I use Ethernet for as much as I can including my printer, I am not a fan of Wi-fi. the one good thing about my TP link router is that I can have a separate Wi-fi for IOT stuff and also for visitors.
I don’t need 2.5Guig networking, my Nas is only 1gig Ethernet.
All these zzoom news coupled with them stopping build just scream “hey guys please buy us out?!”
You don’t see Fibrus going “oh we got 20% takeup in Omaha, 20% takeup in Mayo bridge” every couple of weeks
They’ve always done a press release on milestones, personally I don’t see the drama in it… good on them it doesn’t smack of desperation at all.
Agree with Sam. These repetitive releases from ZZoomm are boring.
Build costs are too high. WOn’t get purchased
Build costs are high for all network providers, that is the most expensive part. The article said the build have finished here, which I thought it had, so now they can get on with getting customers.

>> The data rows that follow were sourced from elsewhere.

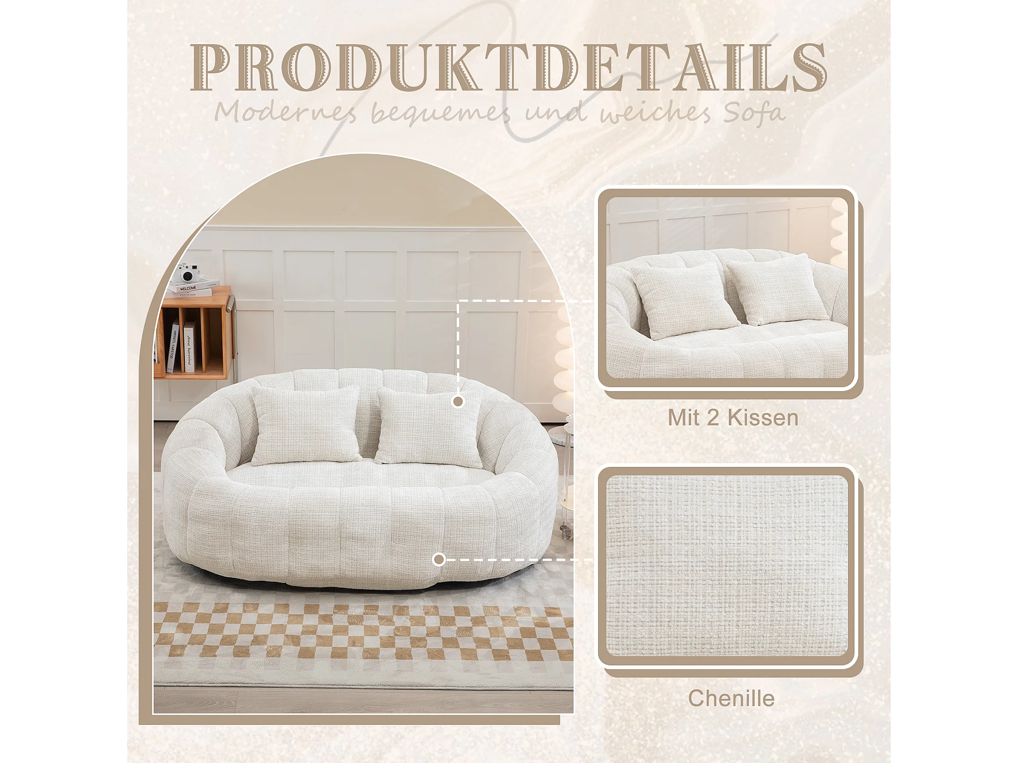 Canapé pouf 2 places beige en chenille – avec deux coussins confortables - fauteuil pouf haut dossier – ultra durable et confortable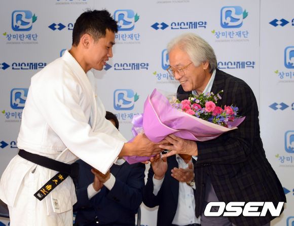 후원 협약식에는 김한기(신신제약 대표이사), 장미란, 그리고 영국 올림픽 유도 금메달리스트 송대남, 펜싱 동메달 리스트 최병철이 참석했다.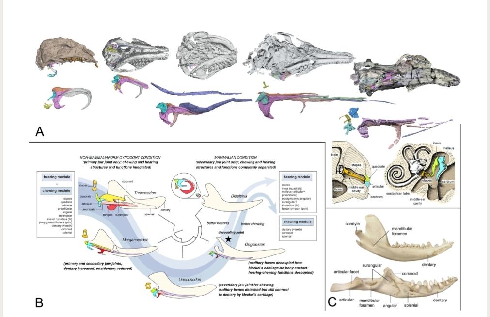 古生物学家一直好奇:爬行动物的“下巴骨头”,是怎么慢慢变成哺乳动物的“听小骨”的?阿氏燕兽的耳朵,正好给出了答案—它的耳朵处于“完美过渡阶段”: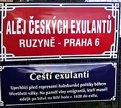 - ↑ ŠTĚŘÍKOVÁ, Edita. Stručně o pobělohorských exulantech. 1. vyd. vyd. Praha: Kalich, 2005. 143 s. ISBN 80-7017-022-0.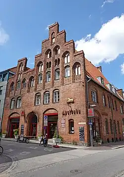 - ↑ Joachim Niendorf: 150 Jahre Löwen-Apotheke in Lübeck 1812–1962. 48 Seiten, unpaginiert, Eigenverlag, Lübeck 1962: Erst durch spätere Neunummerierung erhielt das Haus die Nr. 13.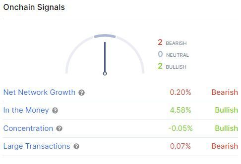 O número de carteiras ETH com mais de 1.000 unidades do token saltou para uma alta de 15 meses à medida que a fusão se aproxima. Dados do IntoTheBlock revelaram que os indicadores mostram que 58% dos detentores estão ganhando dinheiro nos níveis atuais de preços e 40% de todas as participações do Ethereum são detidas por baleias, parâmetros otimistas para o ativo. No entanto, o crescimento líquido da rede e os grandes sinais de transação permanecem em baixa atualmente.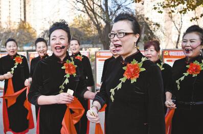 11月26日,河北省廊坊市广阳区康乐社区老年文体队表演群口快板《祖国阔步新时代》,宣传党的十九大精神。为推动党的十九大精神进社区,该社区9支文体队伍,800余人积极参与,创作出一批以党的十九大精神为主题的原创作品。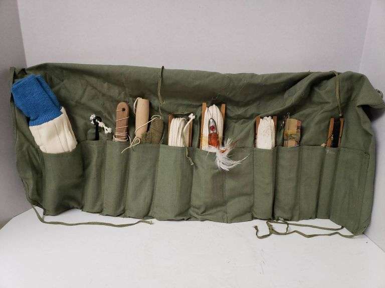 Green fabric roll-up organizer containing various outdoor utility items, including fishing line spools, hooks, nets, and utility tools. Multiple designated storage slots secured with ties for easy transport or access.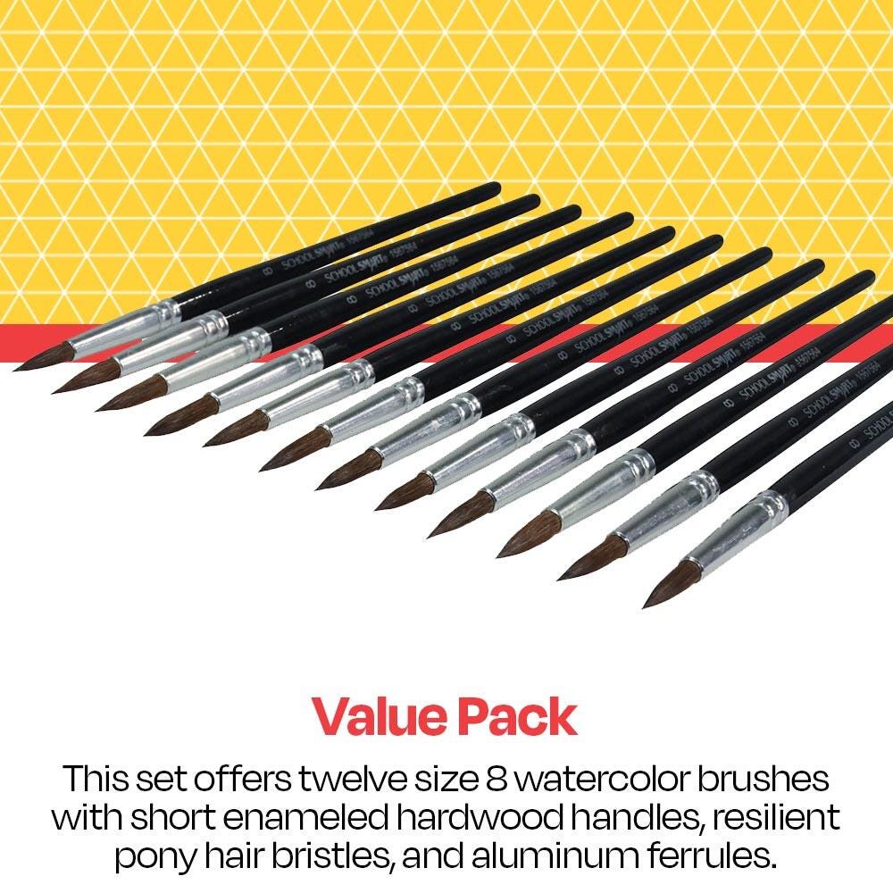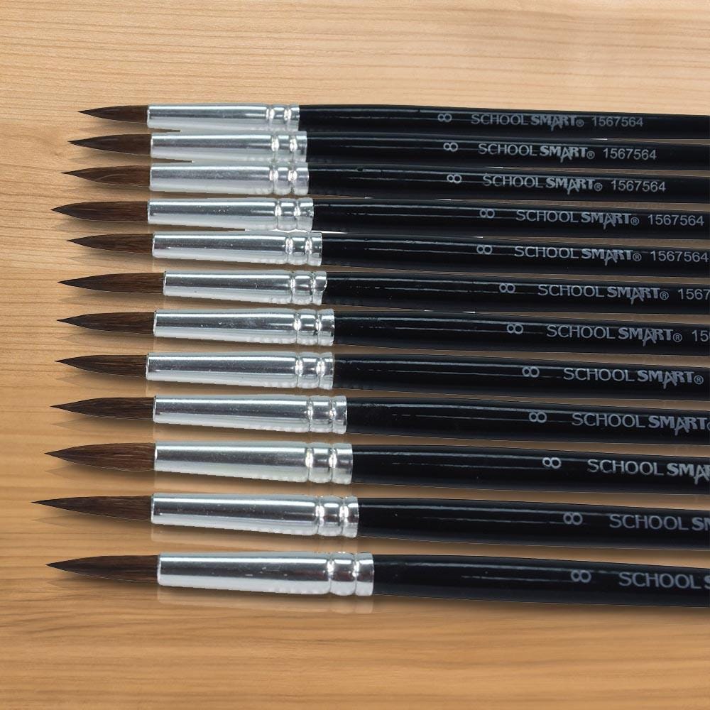 School Smart Watercolor Paint Brushes, Short Handle, Size 8, Set of 12

Not sure why they keep coming out with take up, maybe it is something to keep their investors happy.
@Ad47uk
Build costs vary widely between builders. Trooli, Netnomia & Openreach have spent £200-£300 per premises passed, other networks including Zzoomm have spent £1000+ per premises passed which means long term they need to extract more money from each customer or have a much longer payback period.
@Big Dave, I wonder why Zzoomm’s cost is so high? I know they have used a lot of their own ducts, certainly down the main cycle path, able to get from one side of the city to the other with ease down there.
I hope they keep getting customers, because I certainly don’t want to move networks again unless I really have to, while I am living here anyway. i certain;ly don;t want to go back to opebnreach.
We see what happens, that is all we can do, they seem to be getting customers, all they need to do is advertise more.
@Ad47uk
You probably answered the question yourself. Netomnia & Trooli use mostly Openreach ducts & poles (PIA) where as is sounds like Zzoomm are building their own ducts etc which obviously costs more. Long term as long as they survive that could pay off because Zzoomm won’t have the ongping PIA rental costs that Netomnia & Trooli will have to continue paying to Openreach.
I did some quick calculations and if you take CityFibre out of the equation the altnets are actually getting 17% take up which is not bad considering they’re starting from zero.
Regurgitating the same press release every couple of weeks is a sign of the distress zzoomm are in. They need cash and they need it urgently.
Reading these announcements in the context of the news last month that zzoomm are seeking acquisitions, I think they’re about convincing the owners of other underperforming altnets to swap their equity for zzoomm equity.
I think they are trying to signal they can drive higher take-up rates, in addition to any operational cost savings from a merger ie. a chance for altnet owners to increase the value of their equity without having to formally write down the value of their investment just yet. Although I haven’t checked whether these locations where they’re shouting about 20% take-up are places where they still have first mover advantage.
Reluctance to admit defeat and accept cash bids that involve a write-down are currently preventing well-managed altnets with better cost discipline from buying poorly-managed ones that spent too much per premises passed, and as per other comments zzoomm are in this second group themselves.
Funnily enough, when Lightning Fibre Ltd ran out of money in January, the administrator received an offer for £25Million from zzoomm which worked out at around £465 per premises passed.